> [To do]: The full listing, written out exactly and without images, is the expected result.

> [Recorded data]:
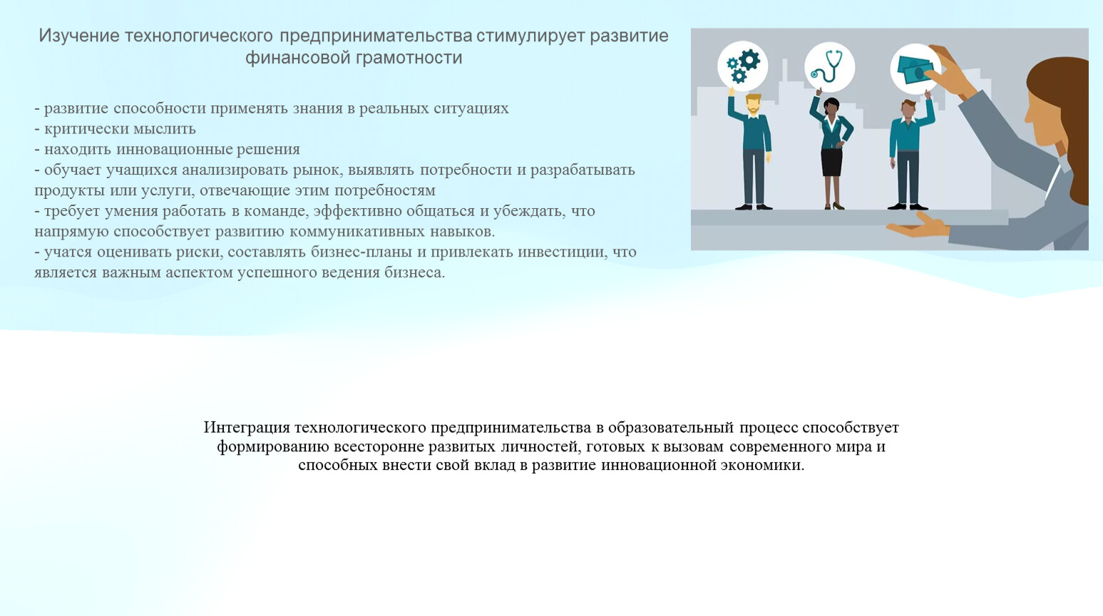Интеграция технологического предпринимательства в образовательный процесс способствует формированию всесторонне развитых личностей, готовых к вызовам современного мира и способных внести свой вклад в развитие инновационной экономики.
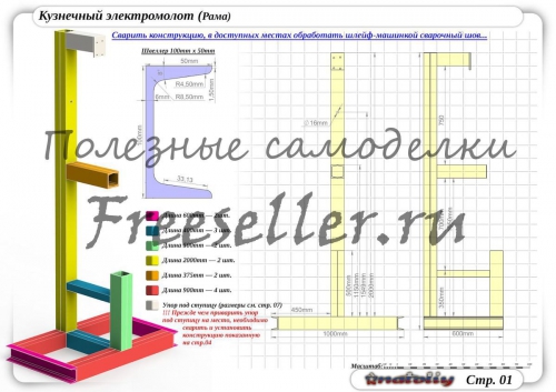 Рама молота зварюється з швелера 100*50мм.
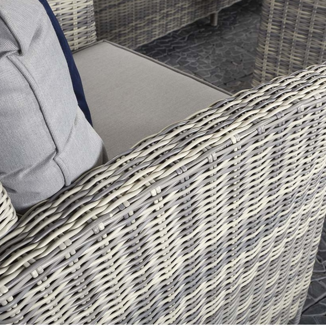Crafted from durable, weather-resistant synthetic rattan in a light grey weave, this set is ideal for all-season outdoor use.
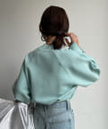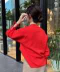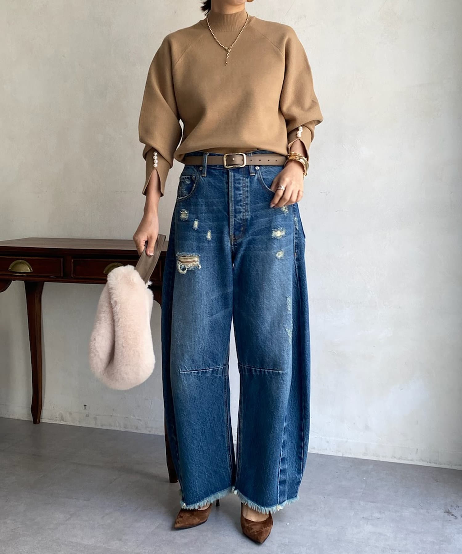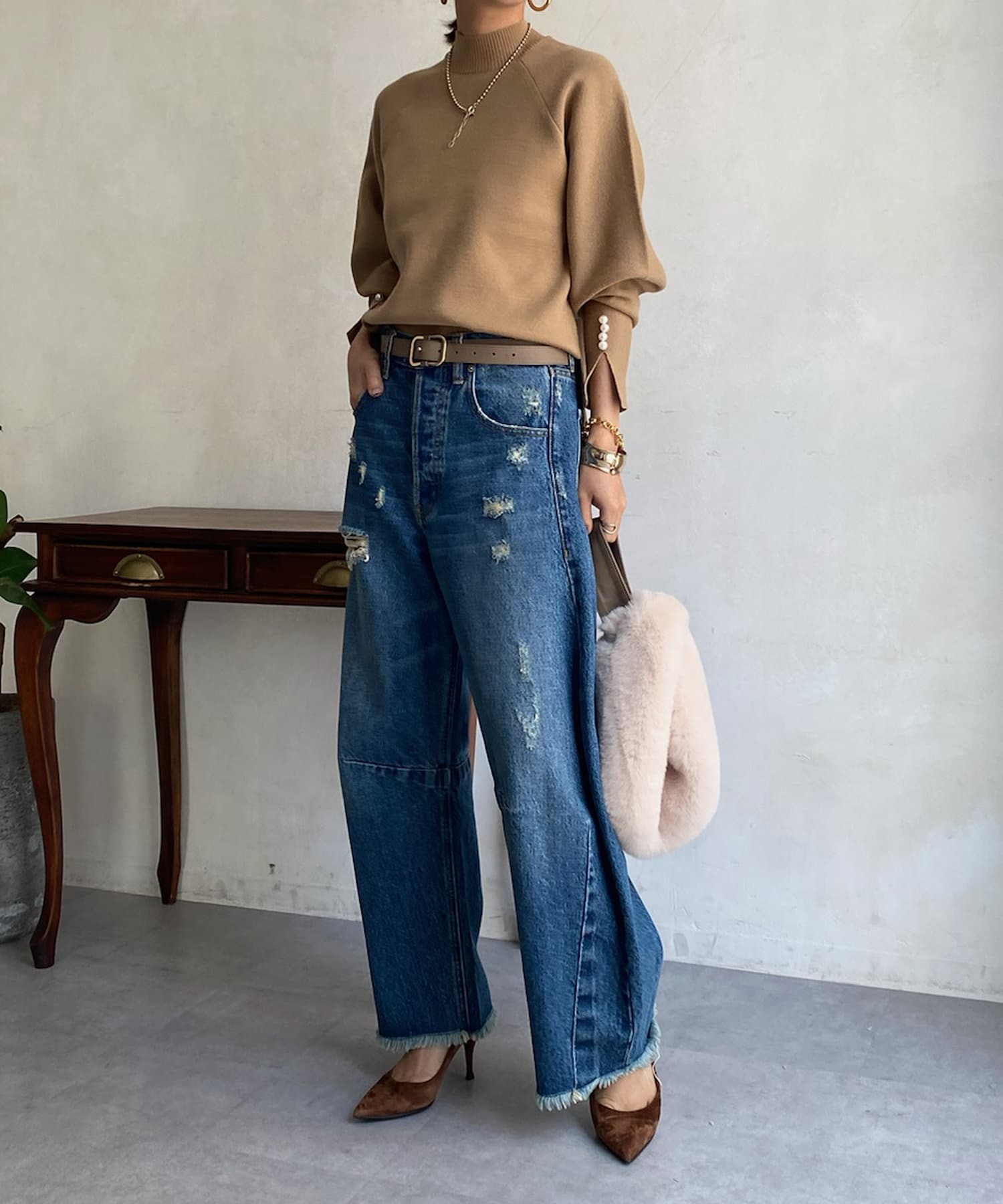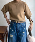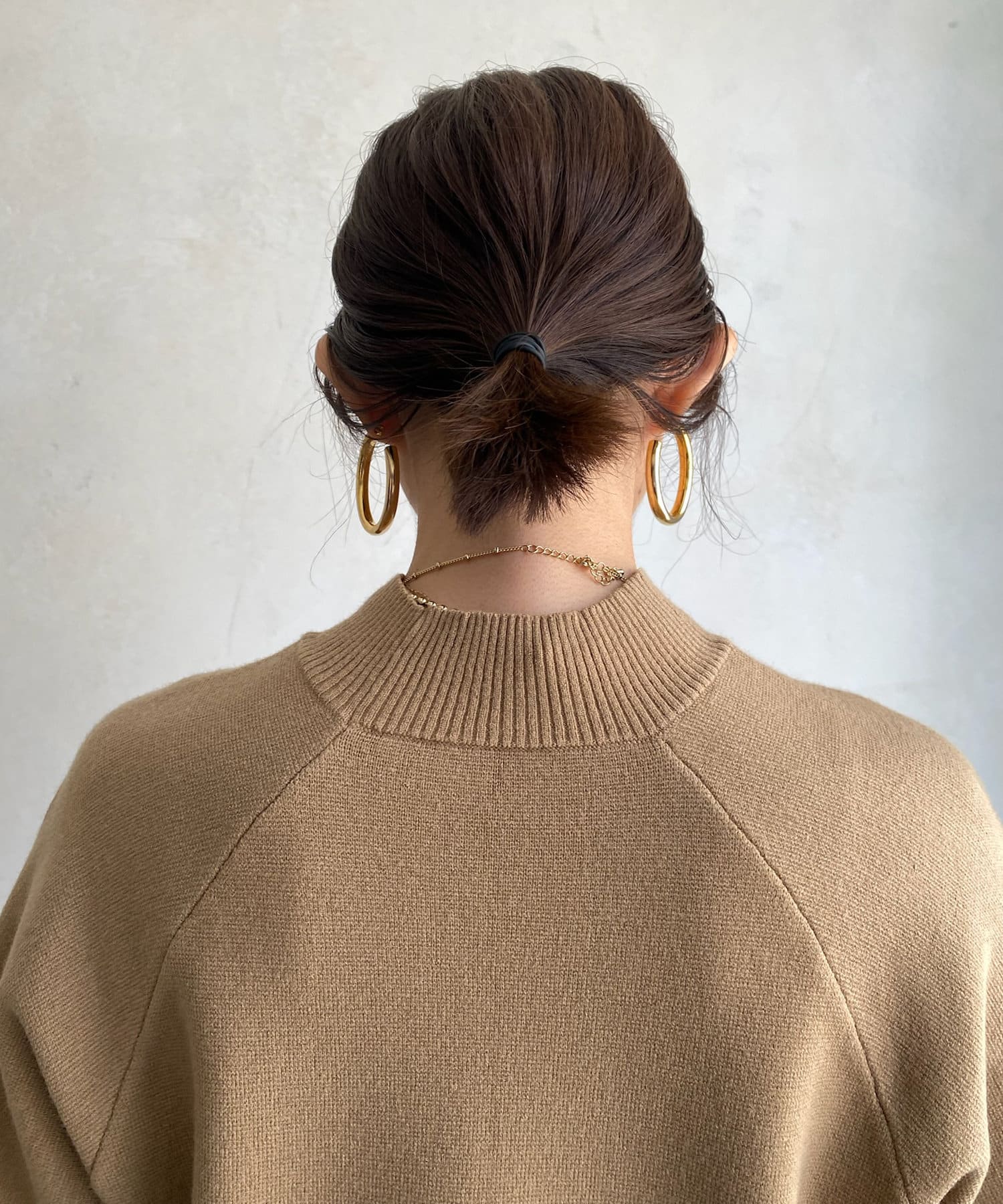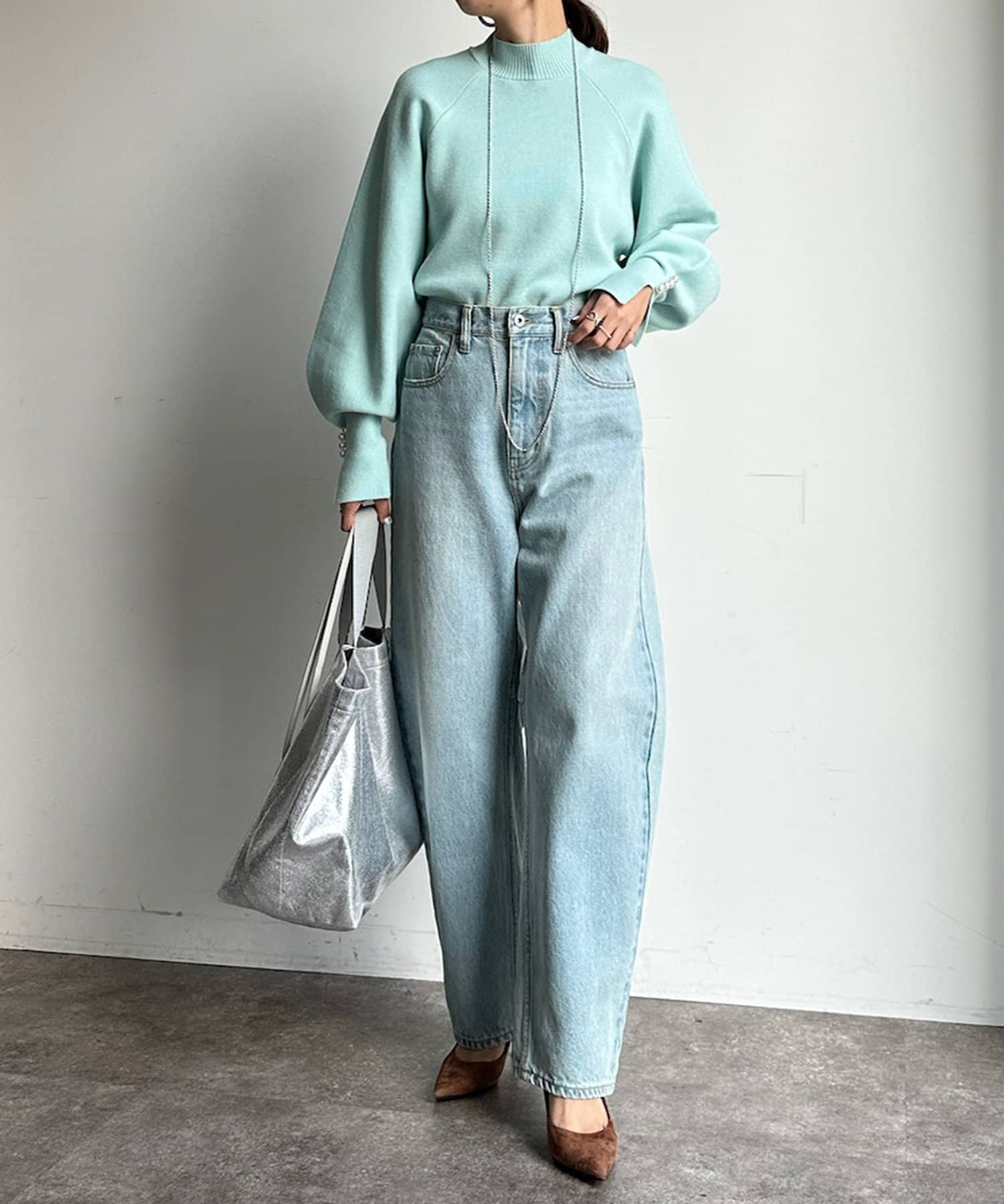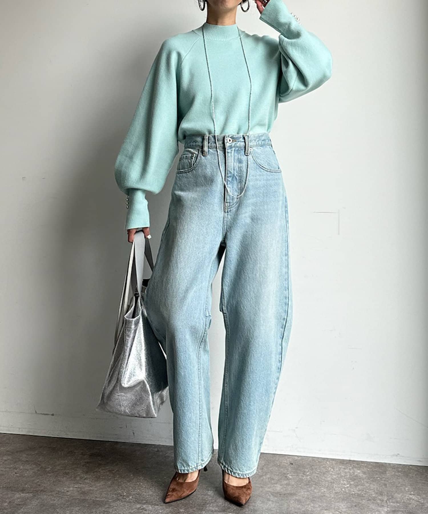 首元が詰まっているデザインと袖のパールとスリットがフェミニンな女性感をだしてくれます。

> [Result of this task]:
Интеграция технологического предпринимательства в образовательный процесс способствует формированию всесторонне развитых личностей, готовых к вызовам современного мира и способных внести свой вклад в развитие инновационной экономики.
 Рама молота зварюється з швелера 100*50мм.
Crafted from durable, weather-resistant synthetic rattan in a light grey weave, this set is ideal for all-season outdoor use.
 首元が詰まっているデザインと袖のパールとスリットがフェミニンな女性感をだしてくれます。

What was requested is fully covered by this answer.